The data section start

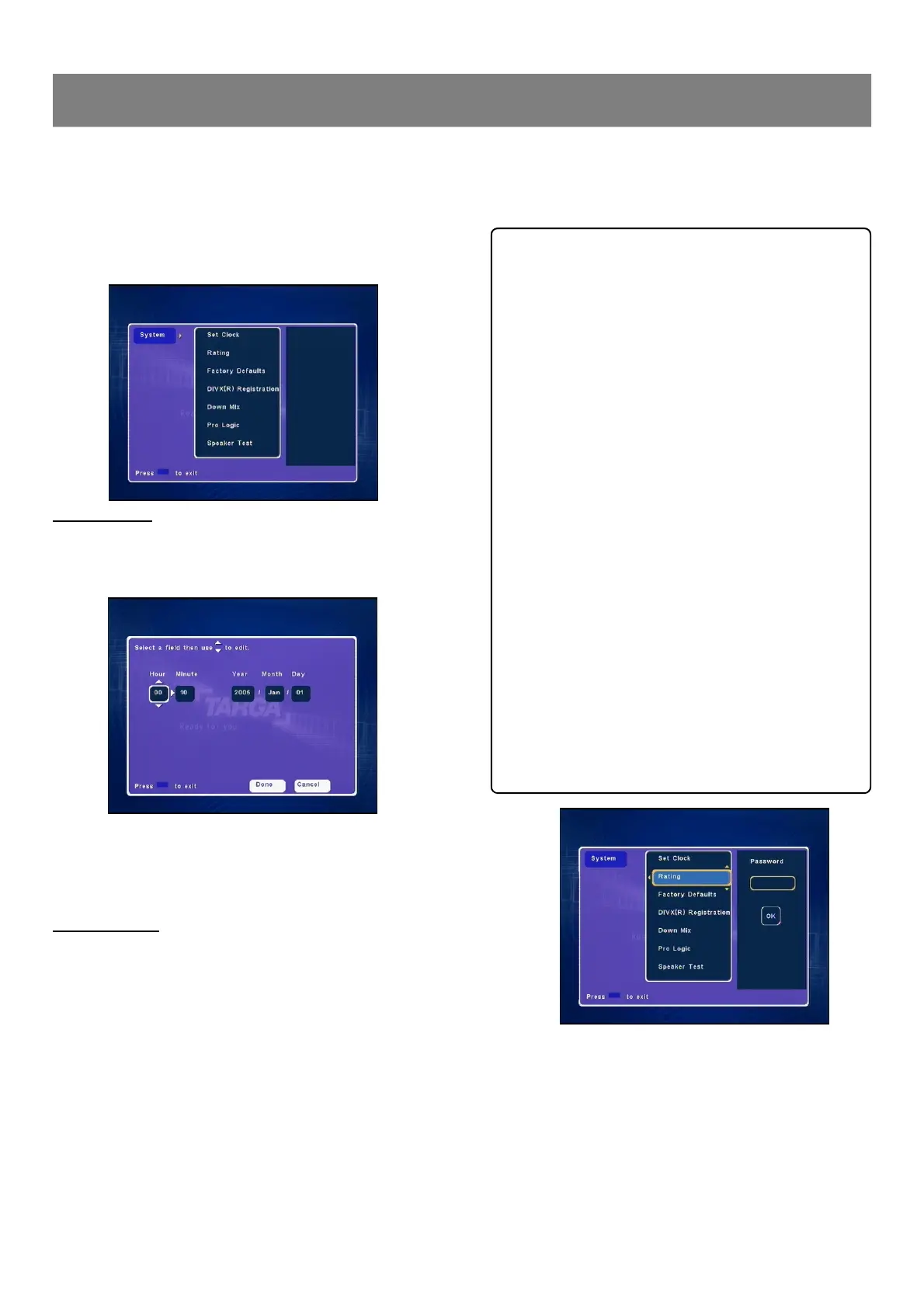 (System ---> Set Clock, Rating, Factory Defaults, DivX (R)
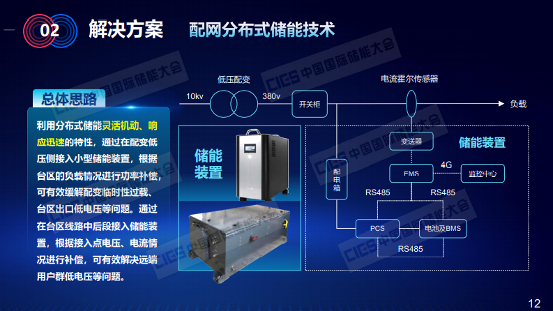 而儲(chǔ)能技術(shù)和物聯(lián)網(wǎng)技術(shù)的發(fā)展,為我們解決這兩個(gè)矛盾提出了一個(gè)新的思路,下面我們來(lái)介紹解決方案。第一,是我們剛才提到的配網(wǎng)側(cè)分布式儲(chǔ)能技術(shù)??傮w思路如下,它主要是利用分布式儲(chǔ)能靈活機(jī)動(dòng)、響應(yīng)迅速的特性,通過(guò)在配電臺(tái)區(qū)380V的主線并聯(lián)接入儲(chǔ)能裝置,通過(guò)實(shí)時(shí)監(jiān)控臺(tái)區(qū)以及用戶側(cè)的負(fù)荷、電流、電壓等相關(guān)的負(fù)荷數(shù)據(jù),在系統(tǒng)有需要的進(jìn)行實(shí)時(shí)就地的功率補(bǔ)充,以此解決相應(yīng)的重過(guò)載問(wèn)題。解決低電壓的問(wèn)題,一般來(lái)說(shuō)用戶低電壓是出現(xiàn)在臺(tái)區(qū)的末端,也就是380V主線后端位置,在這種情況下,我們會(huì)將儲(chǔ)能裝置并聯(lián)接入末端集中低電壓用戶群前面一點(diǎn)點(diǎn)的位置,通過(guò)監(jiān)測(cè)接入點(diǎn)的電壓、電流等相關(guān)數(shù)據(jù),進(jìn)行就地補(bǔ)充,以此減少主線上因?yàn)榇筘?fù)荷電流所產(chǎn)生的壓降,以此來(lái)解決負(fù)荷側(cè)的低電壓?jiǎn)栴},這點(diǎn)對(duì)于山區(qū)用戶是非常有效的。
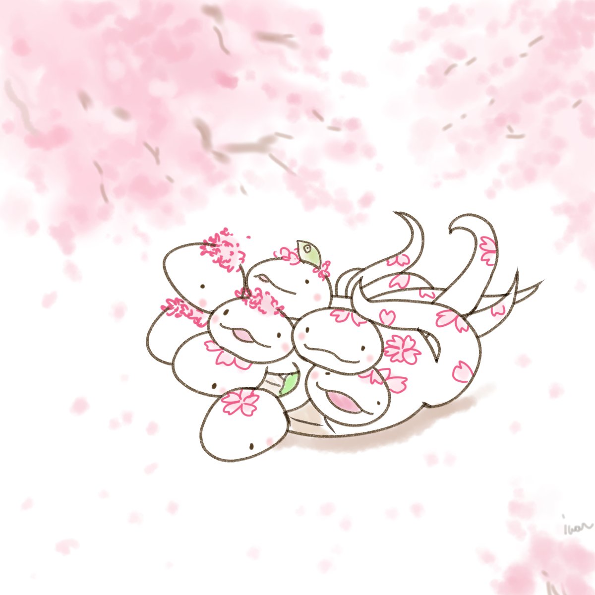 桜でおめかし さくらにょろち 「桜きれいにょー」

The data section end

What to do =
Transcribe every line from the one containing "而儲(chǔ)能技術(shù" to the end of the listing, exactly and exclusively. Do not carry any picture over.

Solution for this task =
 而儲(chǔ)能技術(shù)和物聯(lián)網(wǎng)技術(shù)的發(fā)展,為我們解決這兩個(gè)矛盾提出了一個(gè)新的思路,下面我們來(lái)介紹解決方案。第一,是我們剛才提到的配網(wǎng)側(cè)分布式儲(chǔ)能技術(shù)??傮w思路如下,它主要是利用分布式儲(chǔ)能靈活機(jī)動(dòng)、響應(yīng)迅速的特性,通過(guò)在配電臺(tái)區(qū)380V的主線并聯(lián)接入儲(chǔ)能裝置,通過(guò)實(shí)時(shí)監(jiān)控臺(tái)區(qū)以及用戶側(cè)的負(fù)荷、電流、電壓等相關(guān)的負(fù)荷數(shù)據(jù),在系統(tǒng)有需要的進(jìn)行實(shí)時(shí)就地的功率補(bǔ)充,以此解決相應(yīng)的重過(guò)載問(wèn)題。解決低電壓的問(wèn)題,一般來(lái)說(shuō)用戶低電壓是出現(xiàn)在臺(tái)區(qū)的末端,也就是380V主線后端位置,在這種情況下,我們會(huì)將儲(chǔ)能裝置并聯(lián)接入末端集中低電壓用戶群前面一點(diǎn)點(diǎn)的位置,通過(guò)監(jiān)測(cè)接入點(diǎn)的電壓、電流等相關(guān)數(shù)據(jù),進(jìn)行就地補(bǔ)充,以此減少主線上因?yàn)榇筘?fù)荷電流所產(chǎn)生的壓降,以此來(lái)解決負(fù)荷側(cè)的低電壓?jiǎn)栴},這點(diǎn)對(duì)于山區(qū)用戶是非常有效的。
 桜でおめかし さくらにょろち 「桜きれいにょー」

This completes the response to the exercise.